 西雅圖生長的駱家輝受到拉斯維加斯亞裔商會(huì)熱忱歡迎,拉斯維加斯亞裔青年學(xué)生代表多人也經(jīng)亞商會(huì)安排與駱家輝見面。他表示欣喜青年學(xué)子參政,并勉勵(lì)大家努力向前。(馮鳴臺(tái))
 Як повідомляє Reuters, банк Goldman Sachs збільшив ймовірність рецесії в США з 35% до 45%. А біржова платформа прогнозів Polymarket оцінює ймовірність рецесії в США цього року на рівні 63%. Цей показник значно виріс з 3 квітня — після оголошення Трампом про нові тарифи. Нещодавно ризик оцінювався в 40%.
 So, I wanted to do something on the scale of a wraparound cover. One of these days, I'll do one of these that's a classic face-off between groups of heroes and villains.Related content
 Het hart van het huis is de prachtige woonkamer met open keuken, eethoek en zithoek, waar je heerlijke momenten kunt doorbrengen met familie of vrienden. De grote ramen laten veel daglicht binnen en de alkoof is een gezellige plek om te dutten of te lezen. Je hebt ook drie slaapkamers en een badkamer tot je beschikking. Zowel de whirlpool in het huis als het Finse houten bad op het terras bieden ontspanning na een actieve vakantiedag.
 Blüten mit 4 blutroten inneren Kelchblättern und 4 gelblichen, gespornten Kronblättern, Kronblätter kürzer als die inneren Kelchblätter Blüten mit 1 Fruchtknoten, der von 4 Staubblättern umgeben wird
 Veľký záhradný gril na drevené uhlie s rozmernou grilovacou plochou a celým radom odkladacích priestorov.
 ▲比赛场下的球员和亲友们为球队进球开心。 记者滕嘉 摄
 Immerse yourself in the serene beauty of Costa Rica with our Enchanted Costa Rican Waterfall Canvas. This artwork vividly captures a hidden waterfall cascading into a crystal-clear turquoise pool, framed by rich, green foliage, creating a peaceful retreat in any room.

+ + + + + + +

# Task to complete:
Exactly reproduce the entries in their entirety.

# Answer section:
 西雅圖生長的駱家輝受到拉斯維加斯亞裔商會(huì)熱忱歡迎,拉斯維加斯亞裔青年學(xué)生代表多人也經(jīng)亞商會(huì)安排與駱家輝見面。他表示欣喜青年學(xué)子參政,并勉勵(lì)大家努力向前。(馮鳴臺(tái))
 Як повідомляє Reuters, банк Goldman Sachs збільшив ймовірність рецесії в США з 35% до 45%. А біржова платформа прогнозів Polymarket оцінює ймовірність рецесії в США цього року на рівні 63%. Цей показник значно виріс з 3 квітня — після оголошення Трампом про нові тарифи. Нещодавно ризик оцінювався в 40%.
 So, I wanted to do something on the scale of a wraparound cover. One of these days, I'll do one of these that's a classic face-off between groups of heroes and villains.Related content
 Het hart van het huis is de prachtige woonkamer met open keuken, eethoek en zithoek, waar je heerlijke momenten kunt doorbrengen met familie of vrienden. De grote ramen laten veel daglicht binnen en de alkoof is een gezellige plek om te dutten of te lezen. Je hebt ook drie slaapkamers en een badkamer tot je beschikking. Zowel de whirlpool in het huis als het Finse houten bad op het terras bieden ontspanning na een actieve vakantiedag.
 Blüten mit 4 blutroten inneren Kelchblättern und 4 gelblichen, gespornten Kronblättern, Kronblätter kürzer als die inneren Kelchblätter Blüten mit 1 Fruchtknoten, der von 4 Staubblättern umgeben wird
 Veľký záhradný gril na drevené uhlie s rozmernou grilovacou plochou a celým radom odkladacích priestorov.
 ▲比赛场下的球员和亲友们为球队进球开心。 记者滕嘉 摄
 Immerse yourself in the serene beauty of Costa Rica with our Enchanted Costa Rican Waterfall Canvas. This artwork vividly captures a hidden waterfall cascading into a crystal-clear turquoise pool, framed by rich, green foliage, creating a peaceful retreat in any room.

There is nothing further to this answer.